Валерий Елманов - От грозы к буре
– А откуда он все это вызнал?
– О том мне неведомо, а Любомир повелел тебе одно только слово сказать, ежели сумнения будут: княгиня, – и вдруг как-то по-детски взмолился: – С ног валюсь, княже. Дозволь хоть на полу лечь. Последних трое ден вовсе глаз не смыкал, успевал только с коня на коня прыгать.
– Любая лавка твоя, – предложил Константин.
Он задумчиво прошел к двери и, решившись, повернулся к гонцу:
– А ты сам-то княгиню видел?
Раскатистый храп был ему ответом.
Но даже если бы гонец и не спал, то навряд ли он смог бы добавить еще хоть что-то к своему короткому рассказу. Все, что передал ему Любомир на словах, ратник уже поведал. Об остальном же он просто ничегошеньки не знал, тем более о княгине.
Впрочем, сам Любомир знал о ней немногим больше.
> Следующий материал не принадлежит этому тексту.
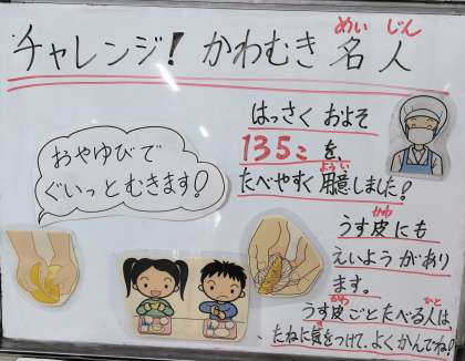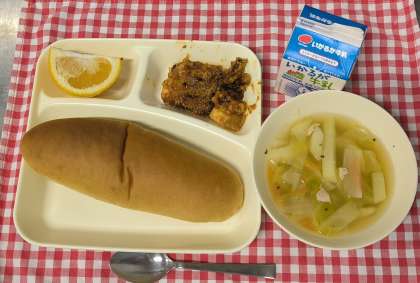 今日は、とうふのミートグラタン、じゃがいもと野菜のスープ、はっさく、黒糖パン、牛乳でした。はっさくは苦くて苦手な子もいましたが、皮むきにチャレンジして上手にむけると食べてみようという気持ちになってくれたようです。

Разве что имя ему известно было, да еще то, что она жена Ярослава, заклятого врага рязанского князя.
Сама Ростислава приметила бойкого паренька на торгу еще зимой. Издали голос его услыхала, и что-то он ей знакомое напомнил. Глянула мельком и обомлела, сразу признав того самого, который о чем-то с воеводой Вячеславом разговаривал, стоя в полутемных сенцах большущего княжеского терема во Владимире.
Пока Ярослав с постели не вставал и их в Переяславль-Южный не отправили, она в том тереме вовсю хозяйничала, и никто ей ни в чем из слуг не перечил. Полноправной госпожой была. А кому еще? Кроме нее только Агафья Мстиславовна – вдовица безутешная – оставалась, но та и раньше квашня квашней была, а ныне, после утраты мужа, совсем расхворалась. Ей бы за своими детишками углядеть. Ох и шустры малолетние Константиновичи, глаз да глаз за ними нужен. Сама Ростислава общий язык с ними быстро нашла, всегда старалась чем-то сладеньким да вкусненьким угостить.
Вот и ныне решила сладеньким угостить, вспомнив, что в отдельной маленькой клетушке, вход в которую вел прямо из сеней, в одной из корзин сласти иноземные еще остались. Полезла туда, чтоб достать, да как на грех, рукой нечаянно взмахнула и свечу опрокинула, которую на полку поставила. Особой беды не случилось, но огонек погас.
«Ну и ладно, – решила Ростислава. – И так найду, ощупью».
Пока лакомство искала, совсем рядом с клетушкой двое остановились. Воеводу Вячеслава по голосу женщина сразу признала – до того не раз его слышать и видеть доводилось. Второй же незнаком ей был. Сознаваться, что она тут рядом стоит, не стала, да и любопытство бабское свое взяло. Моргала и слушала.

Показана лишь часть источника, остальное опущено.